Menu
Trying to add Azure AD authentication to an Angular 7 webapp with a .net core 2.1 backend.
However, I get the CORS error during the request.
"Access to XMLHttpRequest at 'https://login.microsoftonline.com/.......' (redirected from 'https://localhost:5001/api/auth/login') from origin 'https://localhost:5001' has been blocked by CORS policy: No 'Access-Control-Allow-Origin' header is present on the requested resource."
So I tried adding some CORS policy in the startup pipe-line.
Startup.cs
public Startup(IConfiguration configuration)
{
Configuration = configuration;
}
public IConfiguration Configuration { get; }
public void ConfigureServices(IServiceCollection services)
{
services.AddCors(config => config
.AddPolicy("SiteCorsPolicy", builder => builder
.AllowAnyHeader()
.AllowAnyMethod()
.AllowAnyOrigin()
.AllowCredentials()
)
); // <--- CORS policy - allow all for now
services.AddAuthentication(options =>
{
options.DefaultChallengeScheme = OpenIdConnectDefaults.AuthenticationScheme;
options.DefaultSignInScheme = CookieAuthenticationDefaults.AuthenticationScheme;
options.DefaultAuthenticateScheme = CookieAuthenticationDefaults.AuthenticationScheme;
})
.AddOpenIdConnect(options =>
{
options.Authority = "https://login.microsoftonline.com/MY_AD_DOMAIN.onmicrosoft.com"; // ad domain
options.ClientId = "my_client_id"; // client guid
options.ResponseType = OpenIdConnectResponseType.IdToken;
options.CallbackPath = "/auth/signin-callback";
options.SignedOutRedirectUri = "https://localhost:5000";
options.TokenValidationParameters.NameClaimType = "name";
}).AddCookie();
services.AddMvc().SetCompatibilityVersion(CompatibilityVersion.Version_2_1);
// In production, the Angular files will be served from this directory
services.AddSpaStaticFiles(configuration =>
{
configuration.RootPath = "ClientApp/dist";
});
}
// This method gets called by the runtime. Use this method to configure the HTTP request pipeline.

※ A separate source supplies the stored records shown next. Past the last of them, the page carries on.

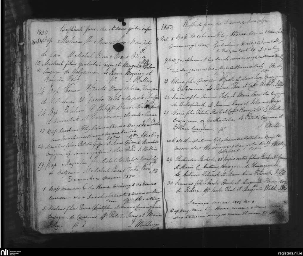 Old and Ring; County of Waterford; Diocese of Waterford and Lismore. Baptisms, Nov. 1850 to Jan. 1851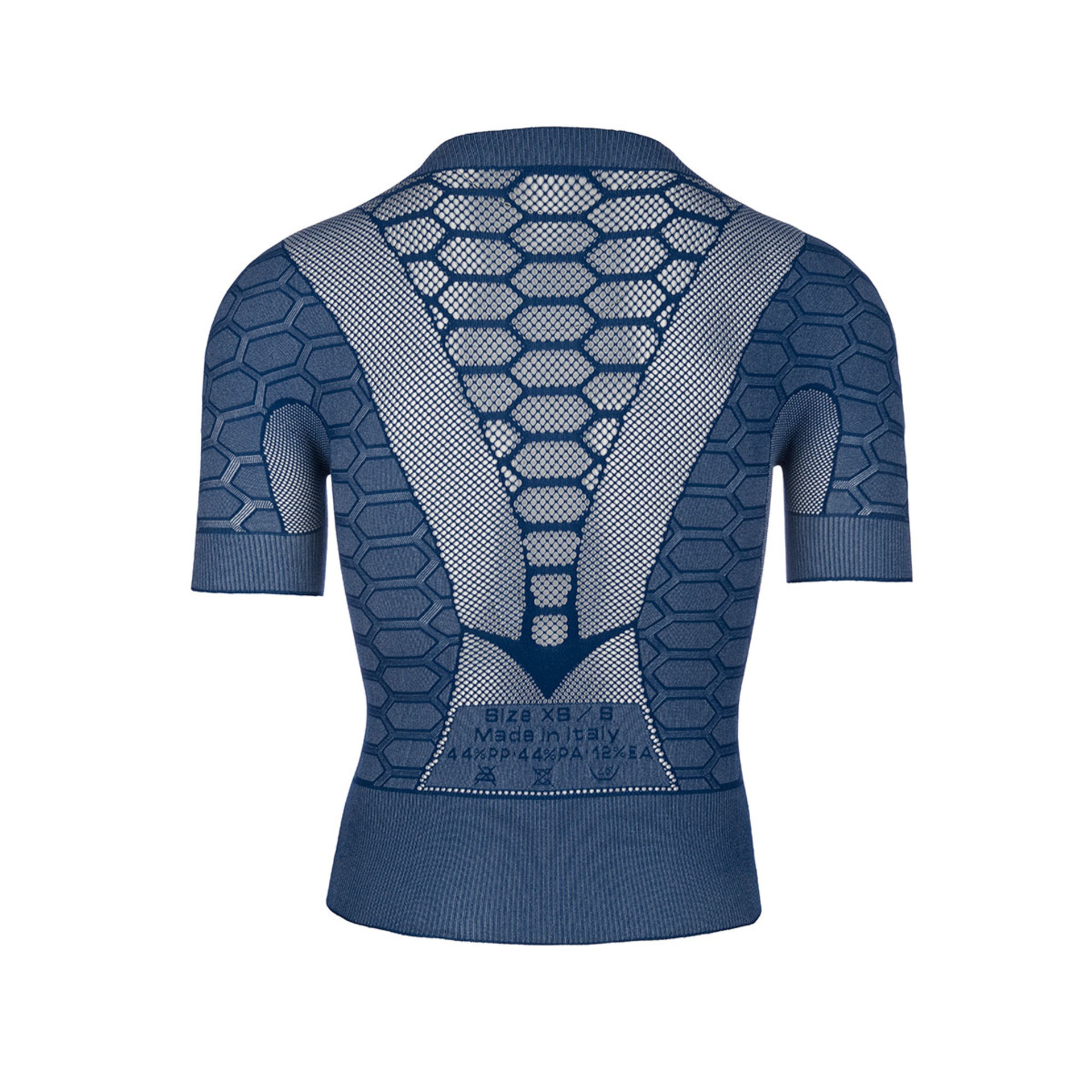 Het Two Ondershirt van Q36.5 is ontwikkeld voor intensief sporten in de lente, herfst en vroege zomer. Het breiwerk, dan bijna naadloos is, biedt een ongekend draagcomfort. Het materiaal is lichtgewicht en scheur- en slijtvast. Het honingraatmotief met open mesh-stukken, reguleert lichaamswarmte vanaf zo’n 15 graden en voert zweer effectief af van de huid.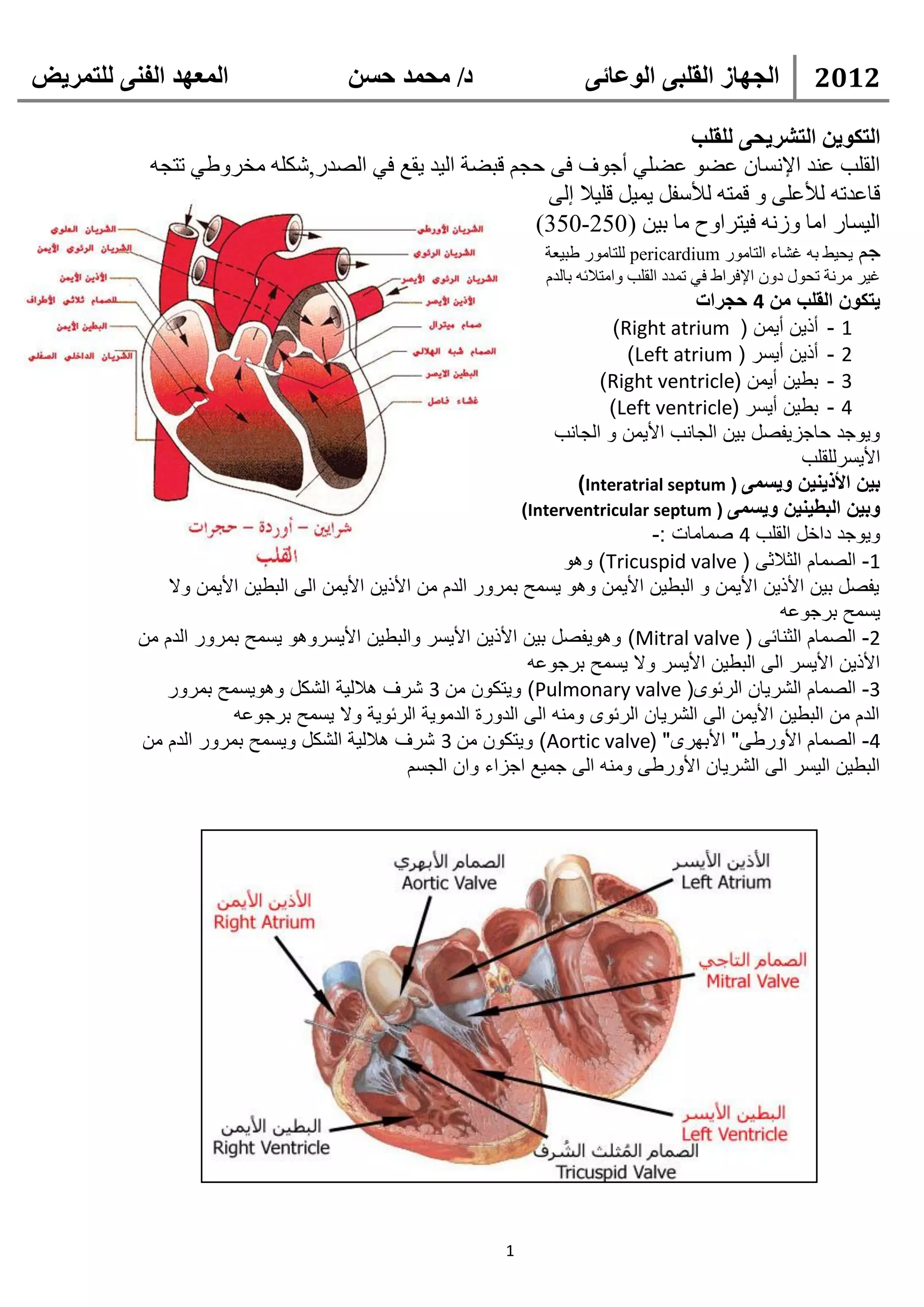 تتناول الوثيقة تشريح القلب ووظائفه، حيث يتكون القلب من أربع حجرات وأربعة صمامات، وتدفق الدم عبر الدورة الدموية. كما تتطرق إلى الشرايين التاجية وكيفية حدوث تصلب الشرايين وأمراضها، وكذلك الذبحة الصدرية وأسبابها. تقدم الوثيقة معلومات دقيقة حول تدفق الدم، وآلية عمل القلب، والعوامل التي تؤثر في صحة القلب والأوعية الدموية.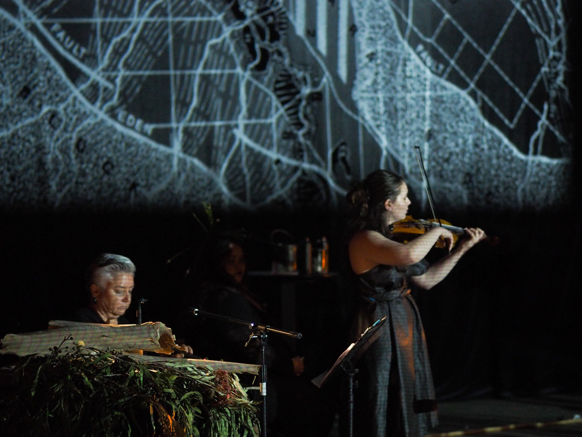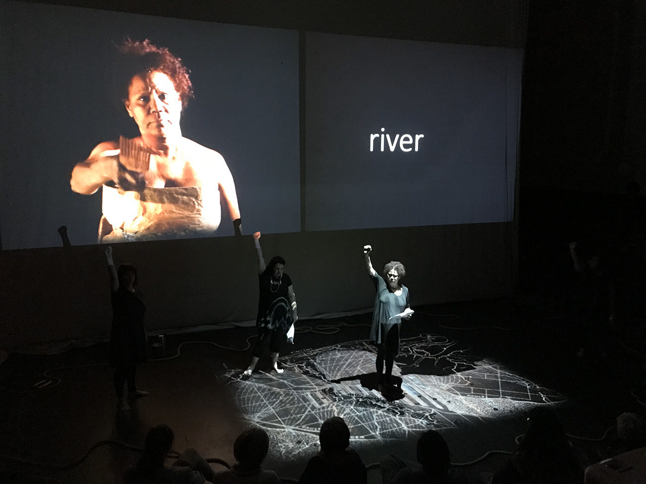 Inside the space, we stand upon a map of Adelaide – the network of rivers, streams and estuaries that lined the landscape before the city was built twists and weaves across the floor and across our bodies. The recorded voices of the Unbound Collective and Kaurna Elder and scholar Uncle Lewis Yarluburka O’Brien enact memory and storytelling, and speak back to sovereign identity and ways of understanding: “my skin speaks, my skin hears, my skin listens.” In Western tradition, the written word is relied upon to carry our history forward. The ongoing work of the Unbound Collective confronts that tradition through the visceral and emotive power of storytelling in all its forms, pushing for a more complete archive of human experience and consequence.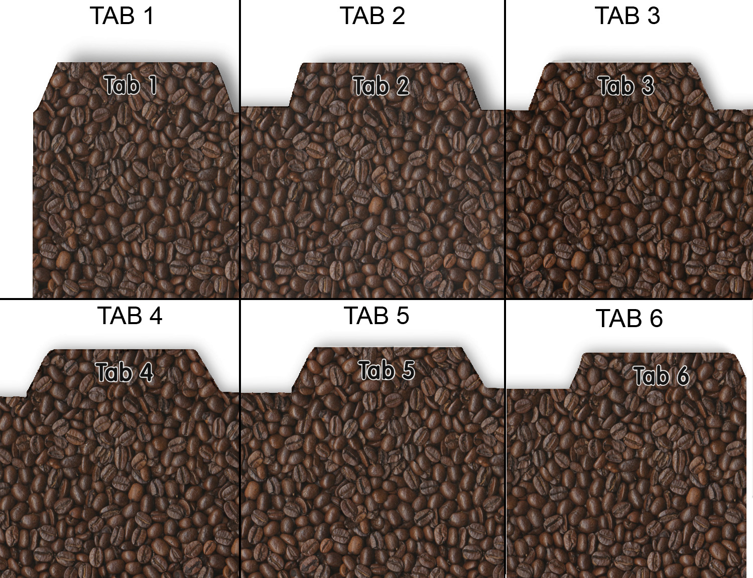 Whether you use binders at school or at work, we have designs to suit all of them. Available in 5 or 6 tab sets, you are sure to find a set to suit your needs. The back of each one is white and can be used to take notes, write vital information on, etc.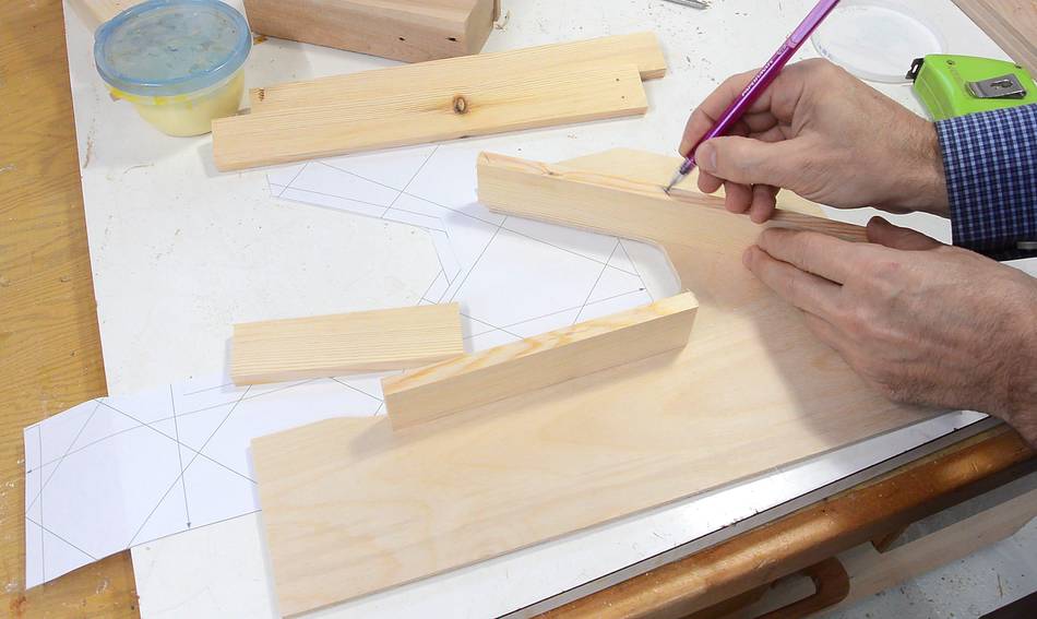 I just marked these off my piece of wood and then cut them on the bandsaw. I also have templates for all these pieces in the plans, but I'd recommend just marking them off like this as you go along.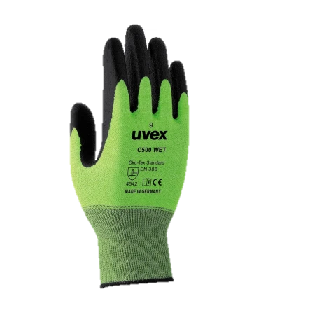 The UVEX C500 foam, wet, wet plus and sleeve models are all certified in accordance with EN 407 for contact heat up to 100°C · · · Patented uvex Bamboo TwinFlex® technology · · Innovative SoftGrip coating · · Very high cut protection & Highest wearing comfort due to uvex climazone · · Outstanding tactile feel, High abrasion-resistance & High flexibility · · Silicone-free according to imprint test · · Certified according to OekoTex Standard 100 · · The uvex C500 foam, wet, wet plus and sleeve models are all certified in accordance with EN 407 for contact heat up to 100?°C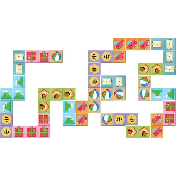 Un livre de 10 pages et 28 grandes cartes domino pour développer la motricité fine, stimuler l’apprentissage et favoriser la concentration. Reconnais les images et apprends les formes en jouant !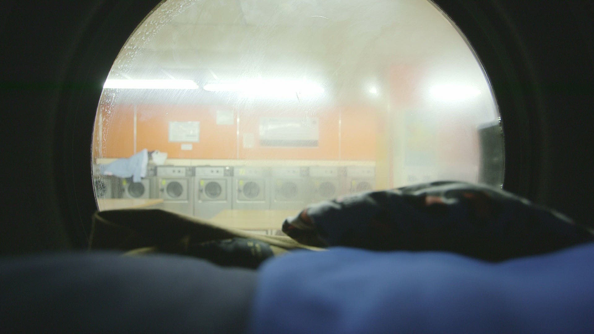 A Young Woman opens the door of the washing machine and finds a pair of funny underwear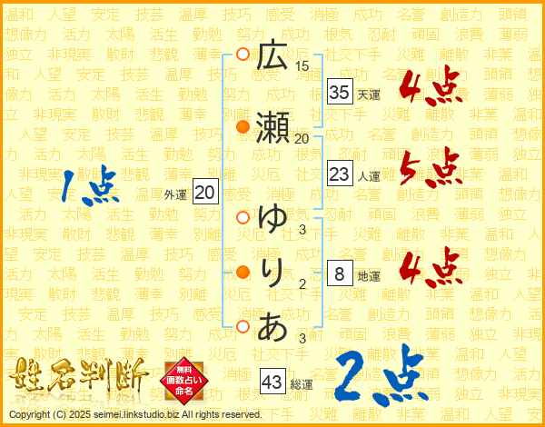 広(15画)瀬(20画) ゆ(3画)り(2画)あ(3画)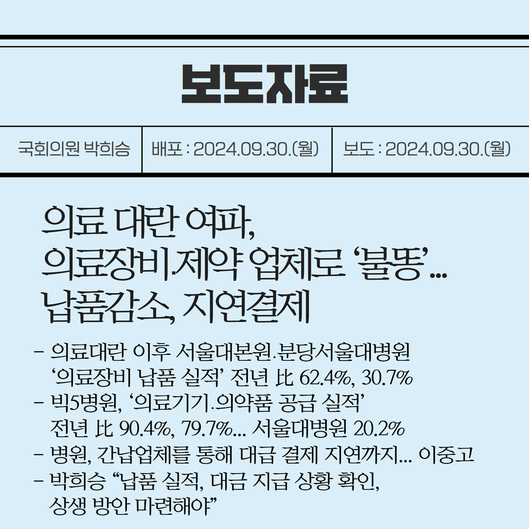 [국회의원 박희승 보도자료] 의료 대란 여파, 의료장비․제약 업체로 ‘불똥’... 납품감소, 지연결제
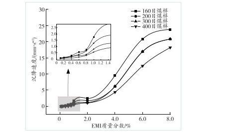 圖8煤塵沉降速度與EMI質量分數的關系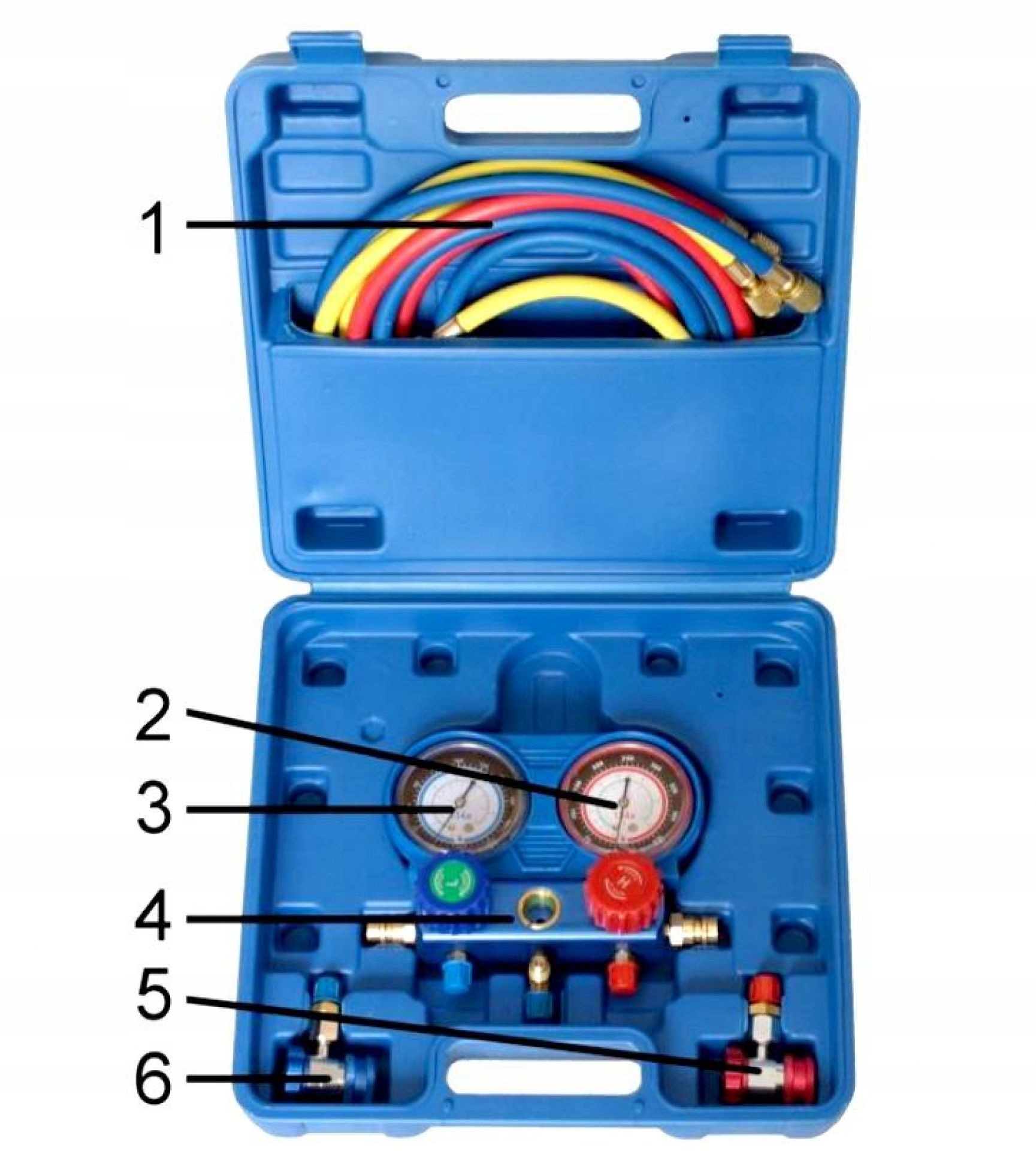 Для поводження з фактором R-134A, набір включає: подвійний клапанний блок із прицілом, манометром низького тиску (0-120psi 1-8,5 кг/см), вимірювальним тиском високого тиску (0-500psi 0-35kg /см), 3 шт. 1,5 м шланг, служба кондиціонування низького та високого тиску.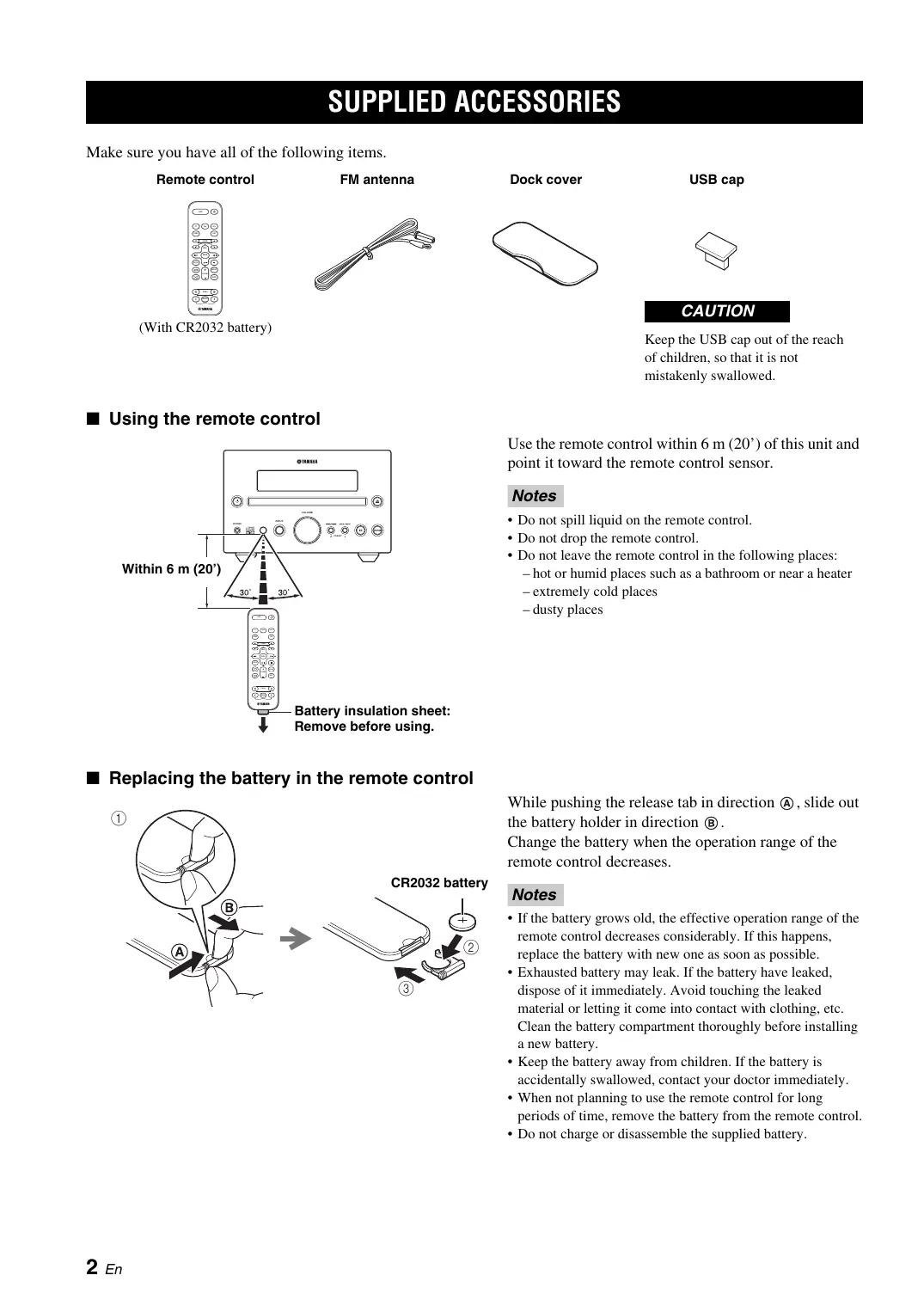 - This manual is printed prior to production. Design and specifications are subject to change in part as a result of improvements, etc. In case of differences between the manual and the product, the product has priority. English 1 En PREPARATION SUPPLIED ACCESSORIES Make sure you have all of the following items. Remote control FM antenna Dock cover USB cap SLEEP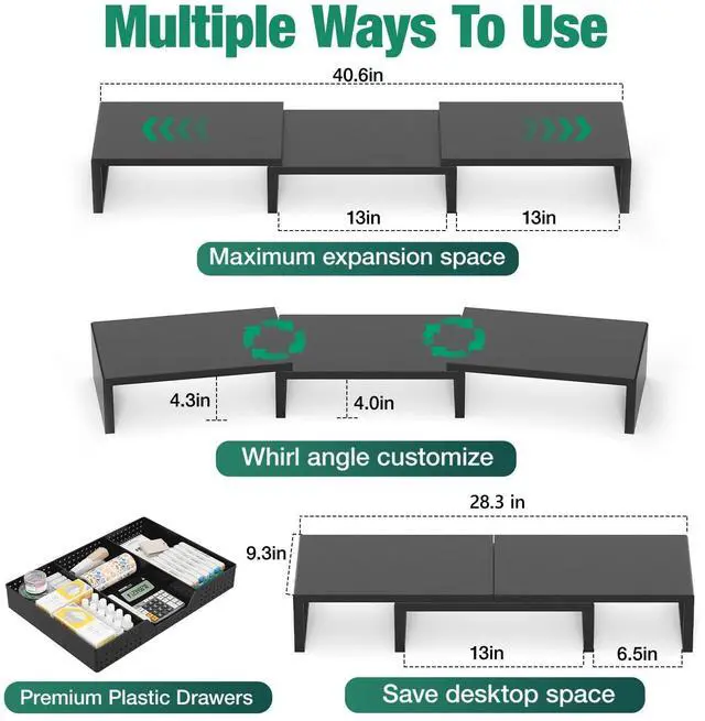 Ergonomic Comfort for All-Day Work Elevate your monitor to the perfect eye level with this OPNICE dual monitor stand. Reduce neck and eye strain, improve posture, and stay focused during long work or study sessionsyour productivity just got an upgrade. ^^ Maximized Desk Organization Keep your workspace clutter-free with the drawer that stores pens, notebooks, and office essentials. This monitor stand doubles as a smart desk organizer, giving you more space to work efficiently. ^^ Durable & Stable Construction Built from high-strength metal, this dual monitor stand supports two monitors or a laptop + monitor setup with ease.

public void Configure(IApplicationBuilder app, IHostingEnvironment env)
{
if (env.IsDevelopment())
{
app.UseDeveloperExceptionPage();
}
else
{
app.UseExceptionHandler("/Error");
app.UseHsts();
}
app.UseCors("SiteCorsPolicy"); // <--- CORS policy
app.UseHttpsRedirection();
app.UseStaticFiles();
app.UseSpaStaticFiles();
app.UseAuthentication();
app.UseMvc(routes =>
{
routes.MapRoute(
name: "default",
template: "{controller}/{action=Index}/{id?}");
});
app.UseSpa(spa =>
{
spa.Options.SourcePath = "ClientApp";
if (env.IsDevelopment())
{
spa.UseAngularCliServer(npmScript: "start");
}
});
}
}
angular auth service
login() {
const url = this.baseUrl + "api/auth/login";
this._http.get(url).subscribe(response => {
console.log(response);
});
}
Or am I going the wrong way about it? Should I use some third pary "ADAL" npm package (https://www.npmjs.com/package/adal-angular) to extract the token from the client side and then pass the token to the server for validation?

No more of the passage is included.